Бодрая двоюродная бабушка устроила своим соседям по столу – то есть обоим братьям, учительнице и фрау Штер – прощальный ужин в ресторане, настоящее пиршество с зернистой икрой, шампанским, ликерами, за которым Иоахим сидел очень тихий и скучный, едва проронив несколько слов упавшим голосом, так что старушка со свойственной ей благожелательностью постаралась его приободрить, причем, вопреки всем правилам цивилизованной Европы, даже говорила ему «ты».

– Ничего, батюшка, не тужи, а лучше‑ка пей, ешь и болтай, мы скоро назад воротимся! – сказала она ему. – Давайте‑ка все есть, пить и веселиться, господь с ней, с печалью‑то, оглянуться не успеем, как, бог даст, и осень придет, так сам посуди, стоит ли огорчаться! – На следующее утро она раздала чуть ли не всем ходившим в столовую больным пестрые коробочки с конфетками на память и отбыла ненадолго с двумя своими девицами.

А Иоахим? Как с ним обстояло дело? Вздохнул ли он наконец свободно, с облегчением, или же страдал душой, взирая на пустующий стол? Необычное для него мятежное нетерпение, угрозы самовольно уехать, если его еще долго станут водить за нос, – являлось ли все это следствием отъезда Маруси? Или же, напротив, тот факт, что он все еще не уехал и благосклонно выслушивал Беренсовы хвалы оттепели, следовало отнести к тому, что пышногрудая Маруся отбыла не насовсем, а лишь ненадолго, и через пять крохотных единиц здешнего времени опять сюда возвратится? Ах, все тут смешалось в одно, все в равной мере; кто‑кто, а Ганс Касторп прекрасно это понимал, даже не обменявшись с Иоахимом ни словом. Он так же тщательно остерегался этого касаться, как Иоахим избегал называть имя другой, ненадолго отбывшей.
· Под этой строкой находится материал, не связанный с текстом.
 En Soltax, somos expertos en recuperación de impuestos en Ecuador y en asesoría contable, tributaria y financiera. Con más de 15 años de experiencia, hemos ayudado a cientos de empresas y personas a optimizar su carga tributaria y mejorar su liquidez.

А меж тем кто же восседал с недавних пор за столом Сеттембрини, на месте итальянца, в обществе прибывших из Голландии больных, отличавшихся таким чудовищным аппетитом, что каждый до начала обеда из пяти блюд требовал себе перед супом еще глазунью из трех яиц? Антон Карлович Ферге, тот самый Ферге, который прошел через адское испытание плеврального шока! Да, господин Ферге встал с постели; и без пневмоторакса состояние его настолько улучшилось, что он большую часть дня проводил на ногах, одетый, принимая участие в общих трапезах, где благодушно топорщил пышные усы и не менее благодушно выставлял большой свой кадык. Братья иногда болтали с ним в столовой и гостиной, а случалось, даже сговаривались идти вместе на обязательные прогулки, так как питали склонность к скромному страдальцу, который сам заявлял, что ничего не смыслит в высоких материях, но после такой оговорки благодушно рассказывал о производстве галош и об отдаленных областях русской империи, о Самаре, о Грузии, пока они шлепали в тумане по жидкому снежному месиву.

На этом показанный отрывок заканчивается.